You chose a deductible and got to pay a percentage of an amount after that each year (coinsurance) up to a stated amount ($5,000 has been popular) with a plan's upper limit at $1 million or $2 million. Deductibles could be annual or per occurrence.

Then, as medical inflation soared (to meet our demand for the finest health care in the world), "cost containment" measures were introduced. Precertification became widely accepted, networks of providers were developed, and then managed care emerged as the leading cost containment weapon. Health maintenance organizations (HMOs) and preferred provider organizations (PPOs) have become the standard for most Americans' health plans.

Those plans are evolving, too, with less reliance by HMOs on primary-care physicians, and enhancements to PPO plans that make them as attractive from a copay standpoint (the copay is the flat amount you pay when you utilize a service such as a doctor's office visit) as HMOs. In Springfield, you only have one choice if you desire an individual HMO.

HIPAA (the Health Insurance Portability and Accountability Act or "Kennedy Kassebaum Bill") has further muddied the individual health insurance marketplace. It was proposed to be a panacea by guaranteeing "affordable" health insurance coverage to those leaving the group marketplace and needing individual coverage.

Special HIPAA plans with high price tags have been the norm, though. Since most people with individual health insurance would tell you that they can't afford to pay more, special HIPAA plans are a viable alternative.

Living death that's what some call disability, when we become injured or sick and cannot work.
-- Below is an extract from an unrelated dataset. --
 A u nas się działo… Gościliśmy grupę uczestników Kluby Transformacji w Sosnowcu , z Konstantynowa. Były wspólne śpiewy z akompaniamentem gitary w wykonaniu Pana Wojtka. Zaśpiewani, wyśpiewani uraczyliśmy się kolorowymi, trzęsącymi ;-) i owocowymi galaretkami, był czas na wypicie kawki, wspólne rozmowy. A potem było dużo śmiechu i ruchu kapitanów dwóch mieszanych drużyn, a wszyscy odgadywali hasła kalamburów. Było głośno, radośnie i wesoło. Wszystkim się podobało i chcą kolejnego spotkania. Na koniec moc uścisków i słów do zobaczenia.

Most of us face the risk of becoming disabled for at least three months that risk is three times greater than our risk of dying. Yet most do not have adequate disability coverage.
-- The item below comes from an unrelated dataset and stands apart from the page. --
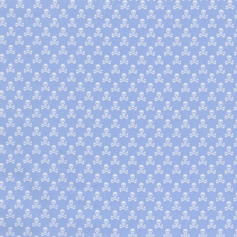 Skulls Printed Cotton - Light Blue

You cannot even file for Social Security disability until you have been disabled five months. It starts paying, if you qualify, after six months, but the processing often takes you to the 11th or 12th month before you receive a check.

Will your company continue to pay you if you can't work? Will your creditors let you keep your home or your car if you can't meet your payments? How long can you live on your savings? How would you feel if you were laid up and saw your family lose your savings, your vehicle(s) and even your home?

If you can't afford a full-blown disability policy, some life insurance companies have disability coverage riders that can be added to their life insurance policies to at least make the house and car payment for you. They are usually pretty affordable and always a lot better buy than credit disability insurance from a lender.

There are other policies you can buy cancer, accidental death and such. Buy coverage for your primary exposures first. If your family has a history of cancer or you have a hazardous hobby or occupation, those may be polices to consider.

Sit down with your agent or broker. Review your current policies and exposures to see if you can spend your premium dollars more efficiently.

(Patrick Griffin, CPCU, AAI, AIS, is an insurance consultant with Man-Morris Insurors.)